Папа выглядел подавленным и растерянным.
– Ладно, я ухожу, – сказал он, – только успокойся. Я залилась слезами. Папа подошел ко мне, отнял мои руки от ушей и, несмотря на сопротивление, обнял меня и прижал к себе. Я ощутила знакомый запах, любимый запах, его сильные руки, я положила голову в ямку между шеей и плечом, на то место, которое так любила, и на мгновение снова почувствовала себя как сто лет назад, когда я была маленькой девочкой, а он защищал меня от всего мира и от маминой ярости. «Делай вид, будто плачешь», – подмигивал он мне и, несмотря на ее требование, никогда не поднимал на меня руку. «Спокойной ночи, моя девочка», – шептал он и пел мне колыбельную. Мне так хотелось, чтобы он спел мне ее и сейчас, чтобы я уснула, а проснувшись, обнаружила, что мама жива и сердится на меня, как всегда, ссорится с папой, как всегда, сидит за своим туалетным столиком и красит ярко-красной помадой свои губы сердечком, надевает платье, облегающее ее потрясающую фигуру, стучит каблучками по дороге в «Атару», – а ее смерть была только дурным сном. Ну а теперь я проснулась в объятиях папы, и он плачет вместе со мной.
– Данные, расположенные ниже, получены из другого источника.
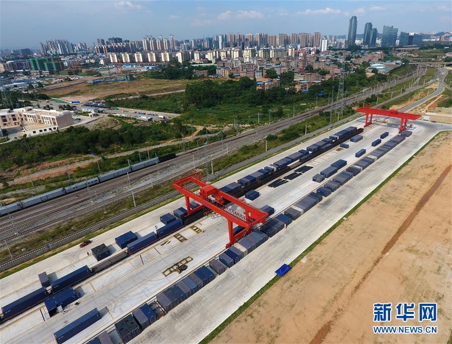 這是正在作業(yè)的南寧鐵路物流中心(5月23日無人機拍攝)。 廣西壯族自治區(qū)成立60年來,鐵路建設(shè)發(fā)生翻天覆地的變化。來自中國鐵路南寧局集團有限公司的數(shù)據(jù)顯示,1958年廣西鐵路總里程為1346.3公里,如今廣西鐵路總里程達5191公里。廣西與周邊相鄰省份間實現(xiàn)動車“公交化”開行。此外,北部灣港—重慶班列、東盟海產(chǎn)品冷鏈班列、“百色一號”果蔬專列等的開通和運營,強化了鐵路供給的針對性和有效性。鐵路成為助推廣西經(jīng)濟社會快速發(fā)展的“大動脈”。 新華社記者陸波岸攝
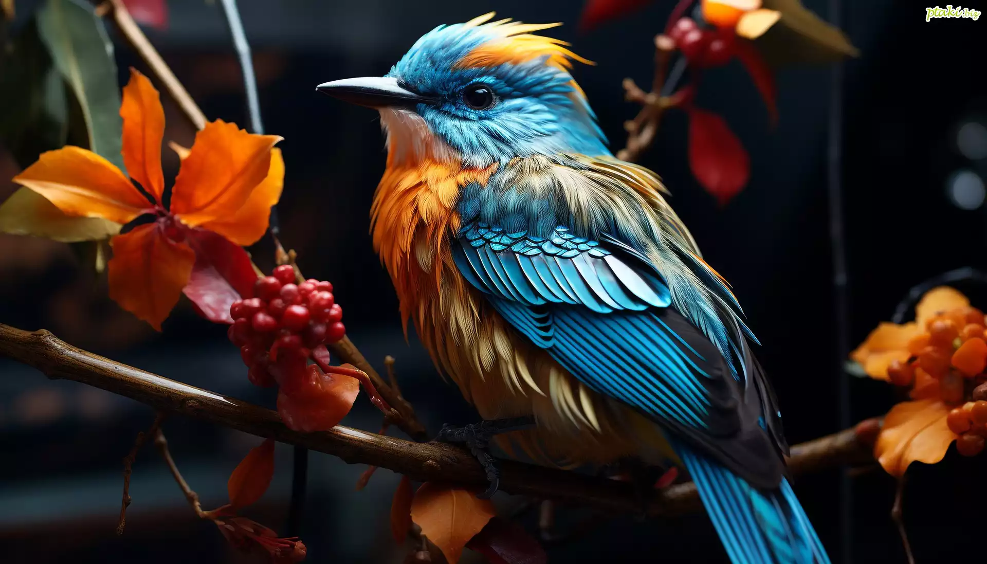 Ptak, Kolorowy, Gałąź, Liście, Grafika

Но нет, это был не сон. Моя мама умерла, когда ей не исполнилось и сорока, а мой папа снял покров тайны с отношений с Верой, которые длились годами, и привел ее в наш дом, не посчитавшись ни с чувствами Рони, ни с моими, ни тем более с чувствами Бекки и Рахелики, которые стояли, широко раскрыв глаза, и смотрели, как Давид оскверняет память их сестры.
И я не удержалась и высказала все это папе, и он прижимал меня к себе, а я кричала, как мне обидно за мать, а он молча меня обнимал, и я попыталась высвободиться, а он не отпускал. Мои крики перешли в прерывистые всхлипывания, и он не мешал мне плакать, пока слезы у меня не кончились. И только после того, как я успокоилась, заговорил:
– Уже много лет твоя мама не была мне женой; задолго до того, как она заболела, мы уже жили как два чужих человека. Мы жили в одном доме, мы были родителями тебе и Рони, но мы не были мужем и женой в том смысле, в каком должны ими быть мужчина с женщиной. Я мужчина, Габриэла, у меня свои потребности, а Вера меня любит, она добра ко мне.
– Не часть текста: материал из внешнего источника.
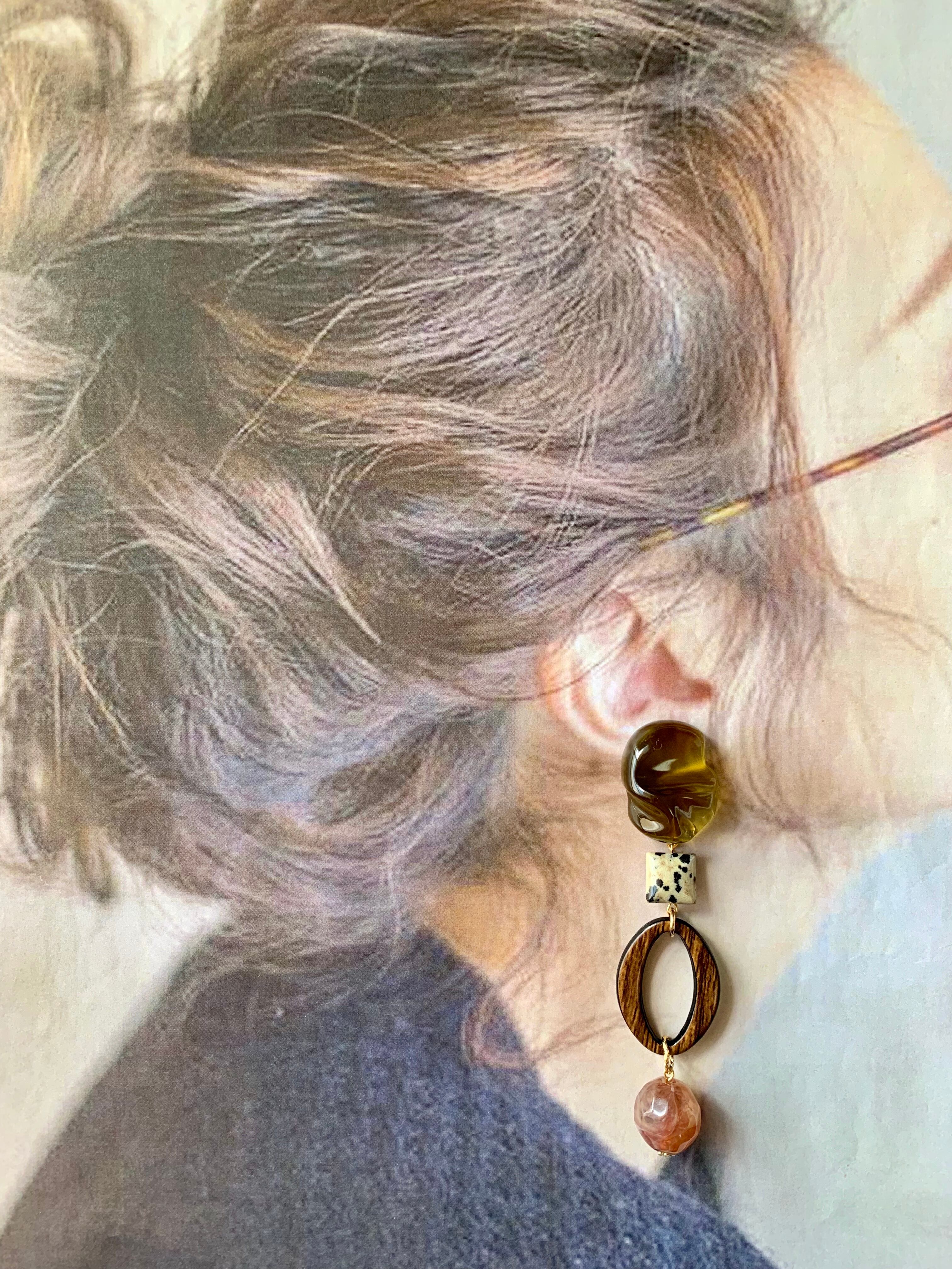 【1点物*】オリーブ×ダルメシアンピアス ピンクブラウン

– Папа, я не хочу слышать о Вере.
– Я знаю, что ты осуждаешь меня, но мне важно, чтобы ты поняла: единственная причина, по которой я не оставил вашу мать, это вы – ты и Рони. Я хотел, чтобы вы росли с обоими родителями.
– Я тебе очень благодарна.
– И есть за что, кстати. Если бы ты знала хоть четверть правды, может, не осуждала бы меня, может, поняла бы.
– Поняла что? Что мамино тело еще не остыло, а ты уже привел в дом свою любовницу? Скажи, папа, сейчас, когда она спит в маминой постели, она и одежду ее надевает, и украшения?
– Теперь ты вдруг стала яростно защищать мамину честь? – сказал он с горечью. – Пока мама была жива, ты к ней совсем иначе относилась. Что, кроме огорчений, видела она от тебя все годы? Ты все время делала ей гадости, все время ссорилась и спорила с ней. А я, между прочим, всегда становился на твою сторону, защищал тебя, ссорился с ней из-за тебя. А теперь вдруг я стал злодеем?
– Если бы все получилось наоборот, мама в жизни не привела бы в дом другого мужчину!
– Ты многого не знаешь о своей матери, Габриэла, так что лучше не тяни меня за язык.
Он повернулся и вышел.
Дядя Моиз, который все это время молча стоял у окна, напряженный как пружина, пристально поглядел на меня и тихо сказал:
– Пока ты еще не осталась не только без матери, но и без отца, попроси Рахелику, чтобы она рассказала тебе кое-что о твоей маме. Да поторопись, не то так дурочкой и умрешь.
И вышел вслед за папой, Конечно же, я не придала никакого значения его словам и не стала просить Рахелику рассказать о маме. Я твердо решила продолжать жить по-прежнему, не возвращаться в Иерусалим и вообще уехать как можно дальше. Я стояла у окна и смотрела, как папа и Моиз уходят все дальше по узкой улочке, на которой я жила. Отец шел понуро, Моиз держал руку у него на плече, словно утешая. На миг мне захотелось побежать за ними, позвать отца, чтобы он вернулся, попросить прощения, сказать, что я не хотела, я просто по привычке сделала все назло, ведь я девочка, которая всегда все делает назло; что я люблю его, что я всегда любила его больше всех на свете. Но ноги у меня словно приросли к полу.